◆ **Problem description**
Transcribe the data in full and exactly, omitting any pictures.

◆ **Dataset section**
○ ○ ○
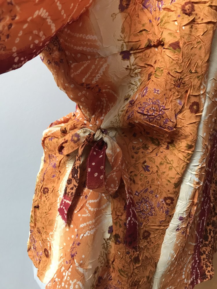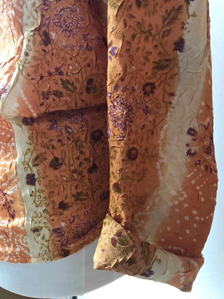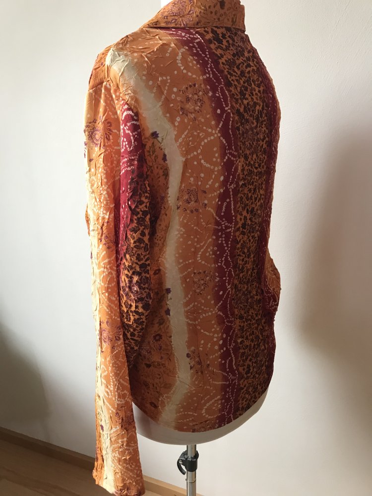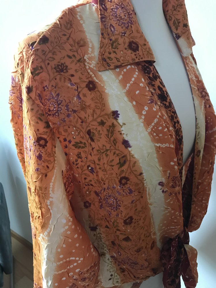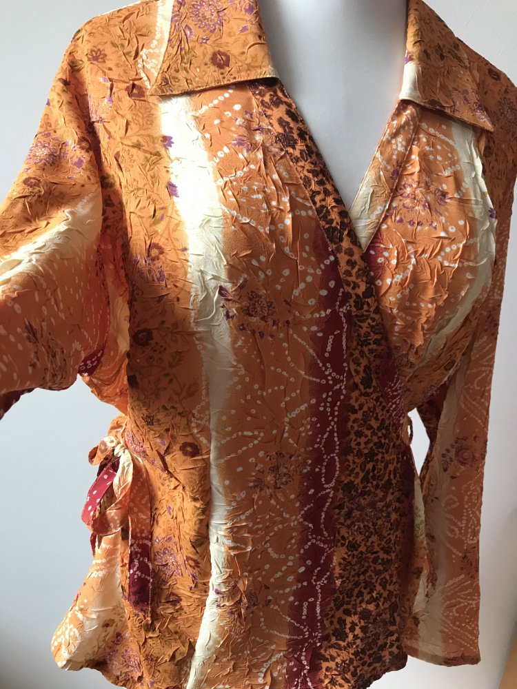 #bluse #hemdbluse #onesize #oversized #krinkle #orangebraun #knuepfbluse #knotenbluse #ethno #wickelbluse #tweans #46 #ibizastyle #yogi #wear #oberteil #wandelbar #kragenbluse #kentkragen #v_ausschnitt #offenes_oberteil #bindeguertel #alloverprint #ohne_knopfleiste #kimono #langarm
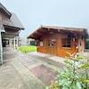 Ein gepflegtes Zierbeet schmückt die Vorderseite des Hauses. Die linke Hausseite wurde mit einer ansprechenden Kieselfläche samt dekorativem Wasserspiel gestaltet. Im rückwärtigen Bereich befindet sich ein charmantes Holzgartenhaus, ausgestattet mit kleiner Küchenzeile, Ofen und separatem WC – ideal als Hobbyraum oder gemütlicher Rückzugsort. Der überdachte Balkon auf dem Garagendach erweitert besonders die Oberwohnung um einen geschützten Außenbereich, der sich zu jeder Jahreszeit als privater Wohlfühlort nutzen lässt.
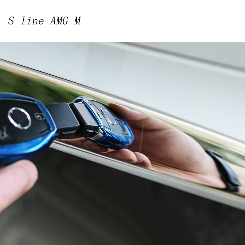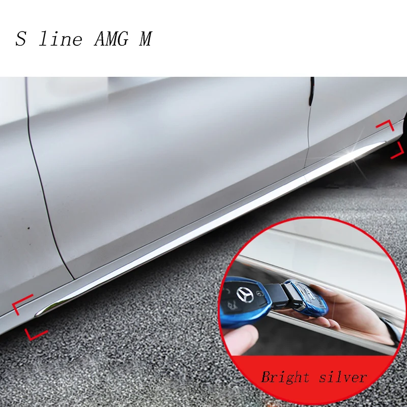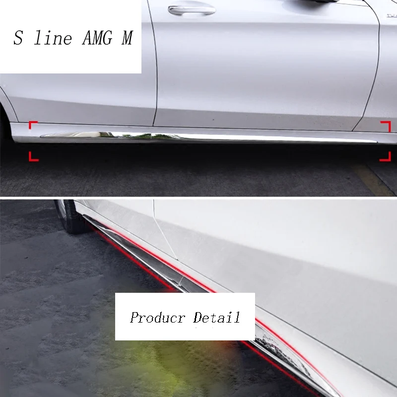 Product Name: Автомобильный Стайлинг Авто Боковая юбка автомобиля наклейка из нержавеющей стали боковое тело декоративная отделка дверей для Mercedes Benz C ...
○ ○ ○
◆ **Result for this task**
 #bluse #hemdbluse #onesize #oversized #krinkle #orangebraun #knuepfbluse #knotenbluse #ethno #wickelbluse #tweans #46 #ibizastyle #yogi #wear #oberteil #wandelbar #kragenbluse #kentkragen #v_ausschnitt #offenes_oberteil #bindeguertel #alloverprint #ohne_knopfleiste #kimono #langarm
 Ein gepflegtes Zierbeet schmückt die Vorderseite des Hauses. Die linke Hausseite wurde mit einer ansprechenden Kieselfläche samt dekorativem Wasserspiel gestaltet. Im rückwärtigen Bereich befindet sich ein charmantes Holzgartenhaus, ausgestattet mit kleiner Küchenzeile, Ofen und separatem WC – ideal als Hobbyraum oder gemütlicher Rückzugsort. Der überdachte Balkon auf dem Garagendach erweitert besonders die Oberwohnung um einen geschützten Außenbereich, der sich zu jeder Jahreszeit als privater Wohlfühlort nutzen lässt.
 Product Name: Автомобильный Стайлинг Авто Боковая юбка автомобиля наклейка из нержавеющей стали боковое тело декоративная отделка дверей для Mercedes Benz C ...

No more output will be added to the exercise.